[Task instructions]:
Exclude the pictures, then repeat exactly each line from the one containing "みんなで学級力を高めよう！" to the final line of the records that follow.

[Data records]
_ _ _ _ _ _ _
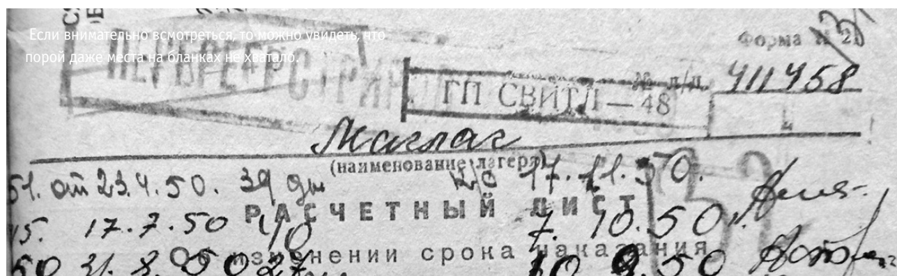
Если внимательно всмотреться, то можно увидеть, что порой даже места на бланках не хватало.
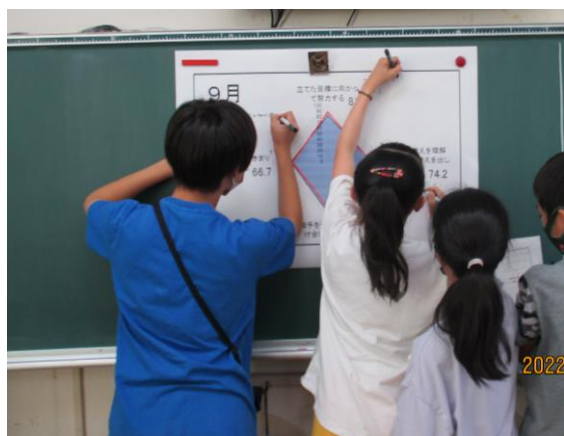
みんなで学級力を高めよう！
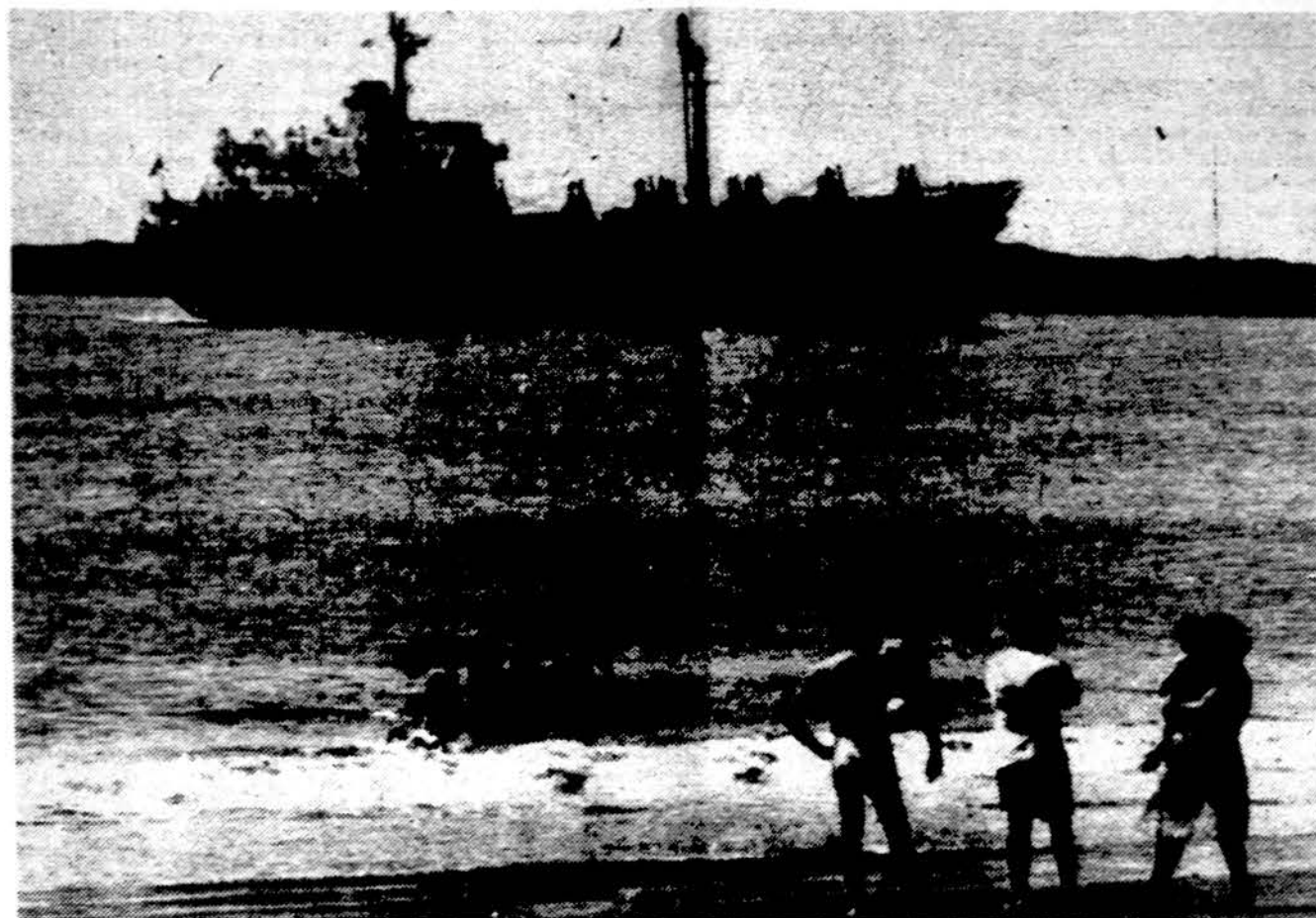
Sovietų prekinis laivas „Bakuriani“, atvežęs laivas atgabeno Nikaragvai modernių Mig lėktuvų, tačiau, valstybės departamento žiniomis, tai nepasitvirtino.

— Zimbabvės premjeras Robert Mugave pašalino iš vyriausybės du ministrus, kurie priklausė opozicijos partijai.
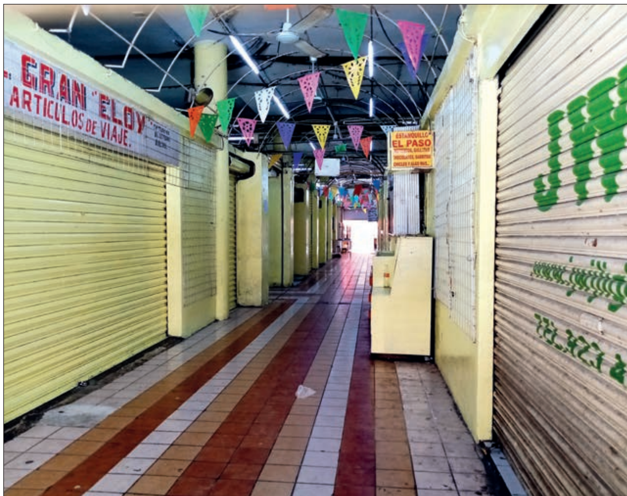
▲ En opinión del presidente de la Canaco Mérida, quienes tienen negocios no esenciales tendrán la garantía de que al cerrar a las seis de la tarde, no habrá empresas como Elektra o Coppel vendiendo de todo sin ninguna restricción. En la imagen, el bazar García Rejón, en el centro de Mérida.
_ _ _ _ _ _ _
[Result]:
みんなで学級力を高めよう！
Sovietų prekinis laivas „Bakuriani“, atvežęs laivas atgabeno Nikaragvai modernių Mig lėktuvų, tačiau, valstybės departamento žiniomis, tai nepasitvirtino.

— Zimbabvės premjeras Robert Mugave pašalino iš vyriausybės du ministrus, kurie priklausė opozicijos partijai.
▲ En opinión del presidente de la Canaco Mérida, quienes tienen negocios no esenciales tendrán la garantía de que al cerrar a las seis de la tarde, no habrá empresas como Elektra o Coppel vendiendo de todo sin ninguna restricción. En la imagen, el bazar García Rejón, en el centro de Mérida.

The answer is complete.